• SEC Charges Another Public Company with Violating Regulation FD -- The Perils of Privately Reaffirming Publicly Disclosed Earnings Guidance
  • May 17, 2005 | Author: Ross H. Parr
  • Law Firm: Womble Carlyle Sandridge & Rice - Charlotte Office
  • On March 24, 2005, the SEC charged Flowserve Corporation, its CEO and director of investor relations with violating Regulation FD and Section 13(a) of the Securities Exchange Act of 1934, as amended. Although the SEC has initiated over a half dozen Regulation FD proceedings since the Regulation became effective in October 2000, this is the first case to allege that a senior officer's reaffirmation of a company's previously disclosed earnings forecasts violated Regulation FD. It is also the first case that the SEC filed against a company's director of investor relations. Flowserve and the two executives settled with the SEC without admitting or denying the charges.

    In early 2002, Flowserve publicly disclosed its estimate of 2002 earnings per share in the range of $1.90 to $2.30. In successive public announcements, it lowered the estimate in July to $1.70 to $1.90 per share and lowered it again in September to $1.45 to $1.55 per share. Flowserve publicly reaffirmed its September earnings guidance on October 22, 2002. On November 19, 2002, Flowserve's CEO and director of investor relations held a private meeting with selected investment and brokerage firms, during which the officers once again reaffirmed Flowserve's earnings guidance. The next day an analyst who had attended the private meeting published a report, which was distributed to subscribers of Thomson's First Call, noting Flowserve's reaffirmation of its previously disclosed earnings guidance.

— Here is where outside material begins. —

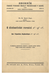 ČUPR, Karel. O diofantické rovnici xⁿ + yⁿ = cⁿ =: Sur l'équation diophantique xⁿ + yⁿ = cⁿ ... Brno: Česká vysoká škola technická :, A. Píša [distributor], 1938. 14 s. Sborník České vysoké školy technické v Brně, sv. XII. Spis 47.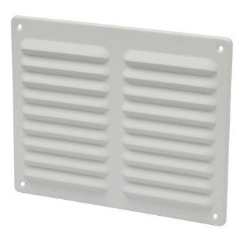 Het witte aluminium schoepenrooster heeft een afmeting van 24,5cm bij 19,5cm. Dit rooster gebruikt u om ventilatiekanalen af te dekken. U monteert het schoepenrooster eenvoudig op de binnen- of buitenmuur of deuren. Zo zorgt het schoepenrooster voor natuurlijke toevoer van lucht, maar het kan ook dienen om gaten af te dekken. Door de vorm van de schoepen kan regen niet inslaan en wordt het ventilatiekanaal niet nat. Het rooster is stevig door de gestanste vorm en dik aluminium. Het is tevens duurzaam en onderhoudsvrij. Eventueel kunt u het rooster voorzien van vliegengaas om ook insecten te weren uit het ventilatiekanaal.

    On November 21, Flowserve's trading volume increased by 75% and the price of its common stock closed approximately 6% higher than it had on November 20. Flowserve did not file a Form 8-K disclosing the private reaffirmation of its earnings guidance until after the market closed on November 21, 2002.

    According to the SEC, Flowserve's private reaffirmation of its earnings guidance (almost one month after Flowserve's most recent public reaffirmation of earnings guidance) constituted selective disclosure of material nonpublic information. As a result, the two-day delay in the public announcement of Flowserve's November 19 private reaffirmation of earnings guidance violated Regulation FD's contemporaneous public disclosure requirement.

    The Flowserve enforcement action demonstrates once again the perils of private meetings with market professionals. In particular, it underscores the importance of pre-meeting planning, i.e., thoroughly vetting questions that might arise during the meeting and considering whether the company's responses to such questions might trigger Regulation FD.